If there was one branch on the tree of life that could flourish in a hotter world, you might have expected it to be eucalypts. Yet an enormous study of 657 species of the eucalyptus genus and its closest relatives has found that 91 percent are likely to suffer from global warming, with 16 species expected to disappear entirely outside of botanical gardens and seed banks.
This hyper-diverse clade has dominated a continent to a remarkable degree, and some of its members have become invasive species elsewhere. Moreover, the iconic eucalyptus species that play such a huge role in images of Australia are adapted to hot and dry climates.
Such trees may be common, and the most economically important, but they are a small proportion of the biodiversity in the Eucalyptus, Corymbia, and Angophora genera, which together represent most of Australia's trees.
The study also helps to identify regions across Australia that will be evolutionarily important for the preservation of rare, ancient eucalypts.

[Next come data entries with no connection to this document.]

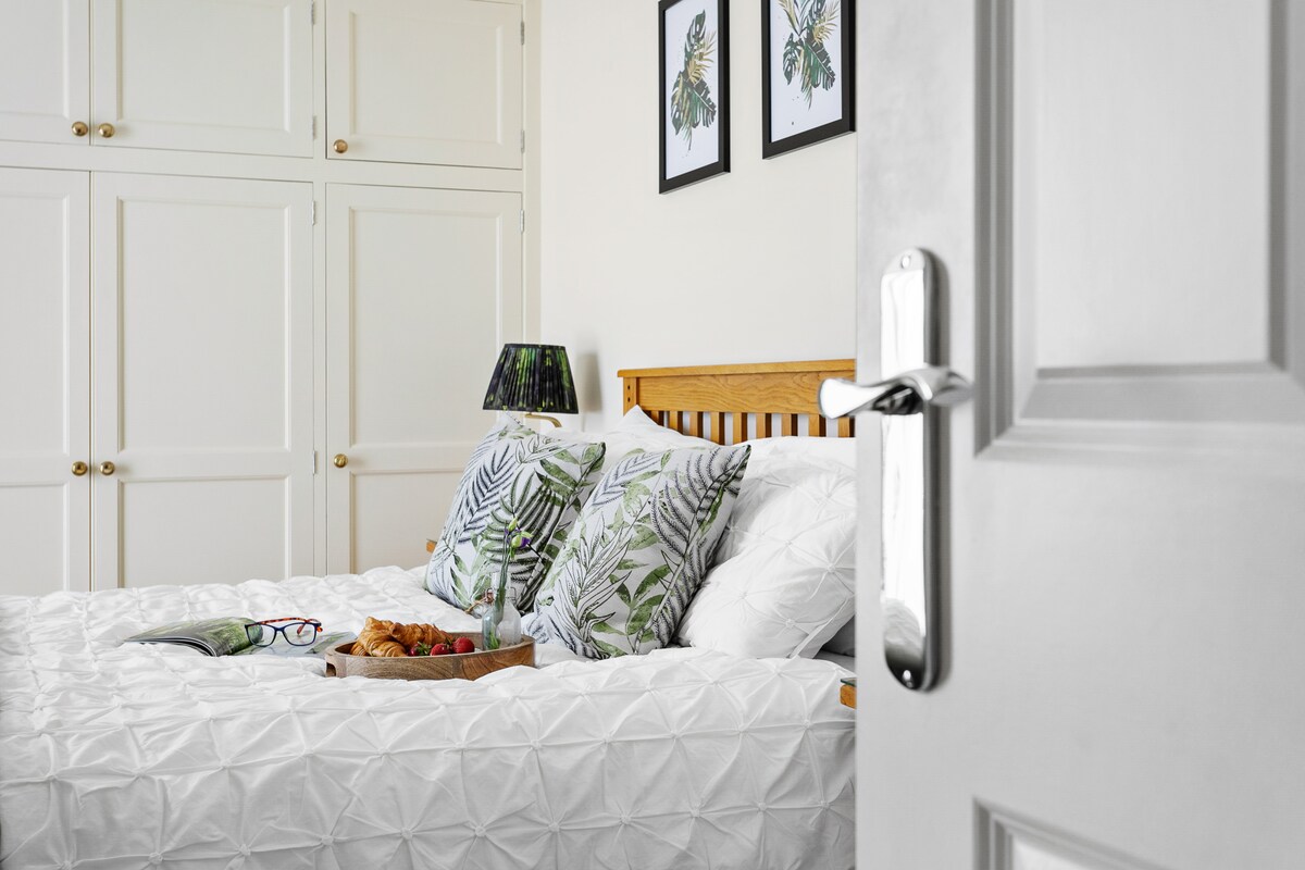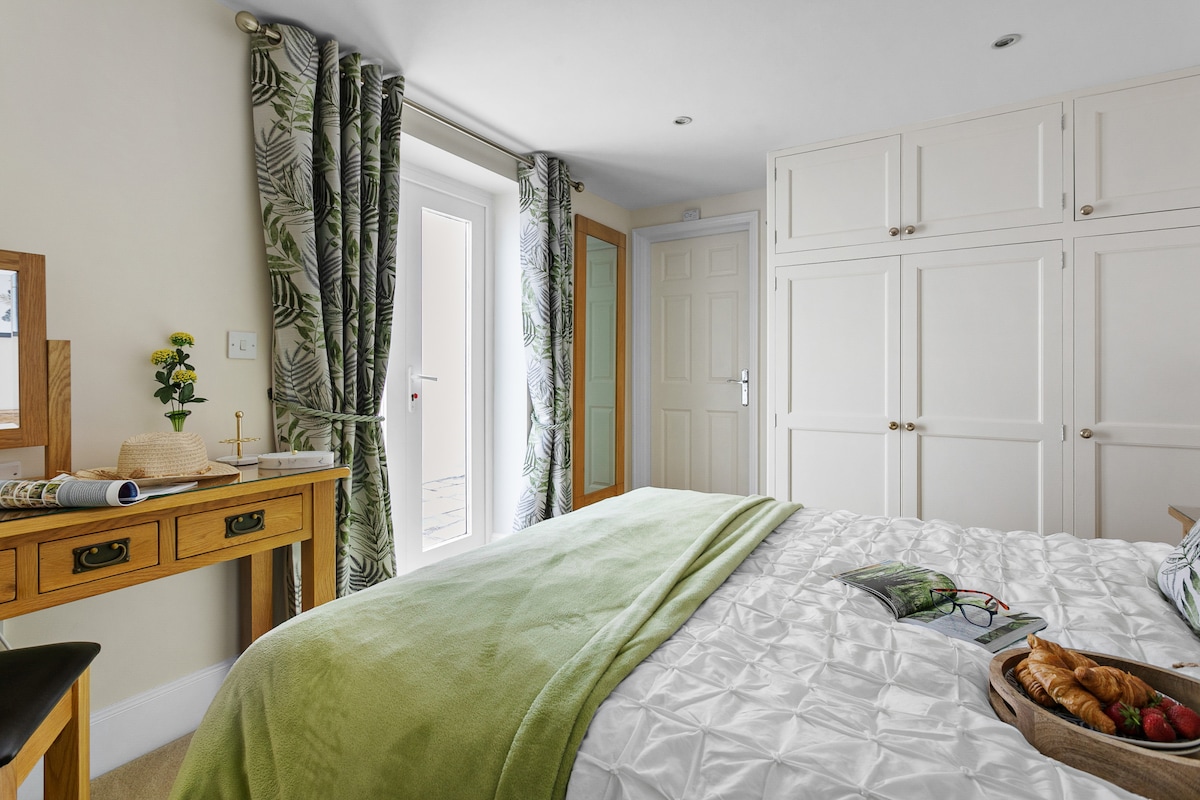 A calming double bedroom with French doors opening onto a totally enclosed, high-walled inner courtyard—safe for children and perfect for morning coffee. The ensuite shower room adds a touch of luxury and convenience.
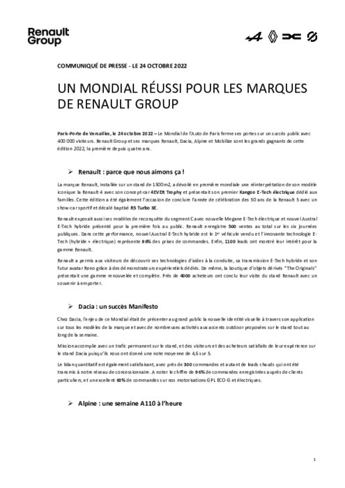 Constructeurs 25 octobre 2022 - 09:00 Le Mondial de l’Auto de Paris ferme ses portes sur un succès public avec 400 000 visiteurs. Renault Group et ses marques Renault, Dacia, Alpine et Mobilize sont les grands gagnants de cette édition 2022, la première depuis quatre ans. PDF (167 Ko) Télécharger
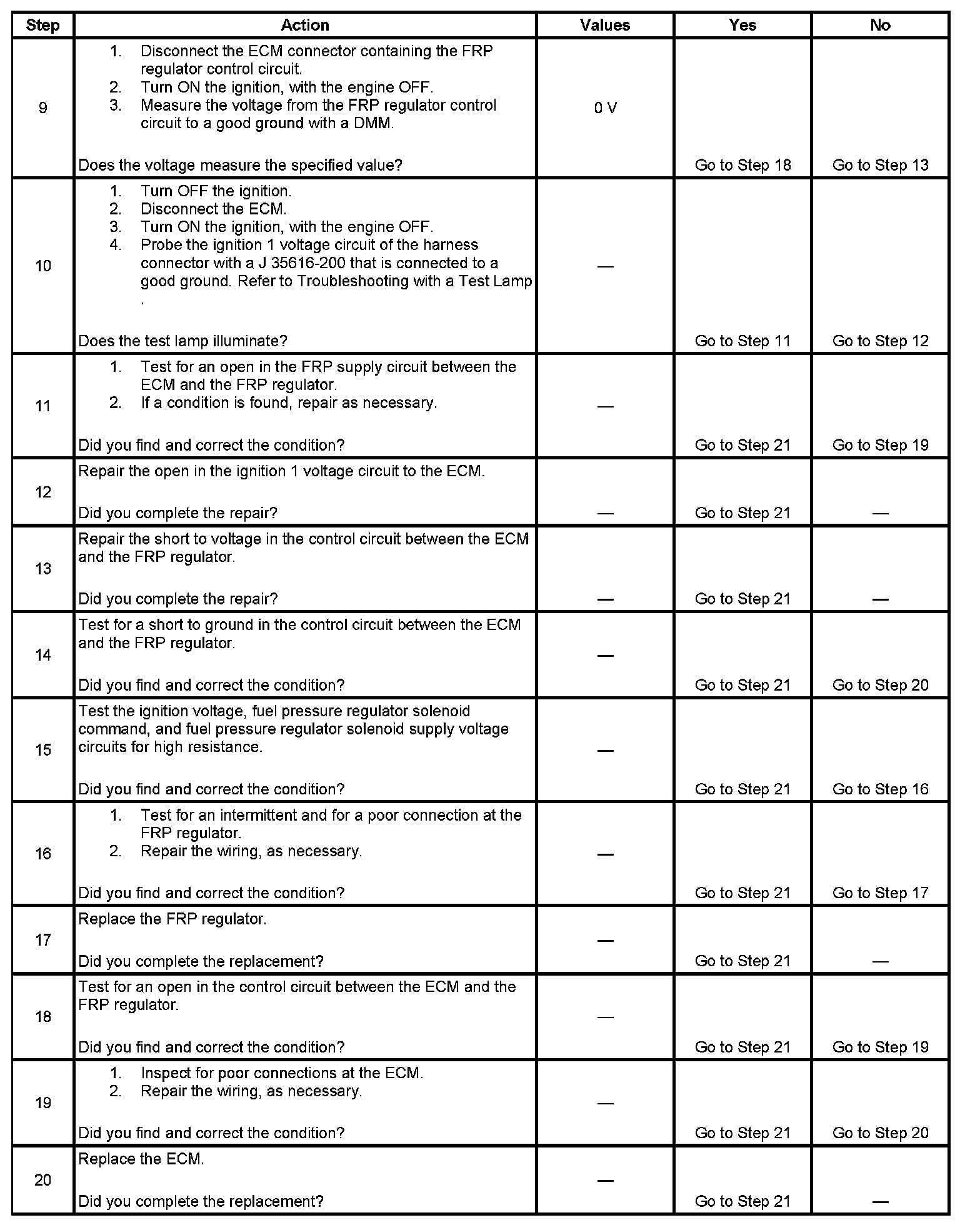 8. This step tests for an open control circuit between the ECM and the FRP regulator.

Dr Bernd Gruber of the University of Canberra told IFLScience: “Eucalypts occupy most niches in Australia, and the most diversity is in cooler areas such as southwest Western Australia, Tasmania and along the Great Dividing Range. These areas will shrink and for many species, there is nowhere to go.” On average these species will lose more than half their range over the next 70 years if climate change continues unabated. For the animals, and smaller plants, that have evolved to live in the shade of the mighty gum trees, the consequences are similarly disastrous.
The study, published in Nature Climate Change, sets a new standard for predicting the way related species will respond to increasing heat. Gruber and his co-authors looked at locations that are dominated by very old lineages of eucalypts, along with others where young species dominate, which he described to IFLScience as “museums and nurseries”. Nurseries are often dominated by a few species, but museums can contain extraordinary diversity, which for all its longevity could be threatened in this century.
Co-author Dr Dan Rosauer of the Australian National University (ANU) said in a statement: “[Eucalypts] represent millions of years of evolutionary heritage unique to our region.”
Despite all the pessimism, 9 percent of eucalypt species should find their natural territory growing as the world heats up, and some of these may come to the aid of their distressed relatives. One of the authors, Dr Carsten Kulheim, also of the ANU, published another study this week in Trends in Biotechnology showing that several eucalypt species are particularly well suited to producing fuels that can power airplanes.
"Renewable ethanol and biodiesel might be okay for the family SUV, but they just don't have a high enough energy density to be used in the aviation industry," Kulheim said in a statement. "Eucalyptus oils contains compounds called monoterpenes that can be converted into a very high energy fuel, and this high energy fuel can actually fly jets and even tactical missiles."
Finding carbon neutral ways to power long distance travel remains one of the trickiest technical problems in the fight against global warming. Kulheim hopes that selective breeding could produce varieties of eucalypts productive enough to make them a viable source of greenhouse-friendly jet fuel. Unfortunately, some of the genes that could bring this to fruition might lie in the diverse but threatened areas Gruber identified.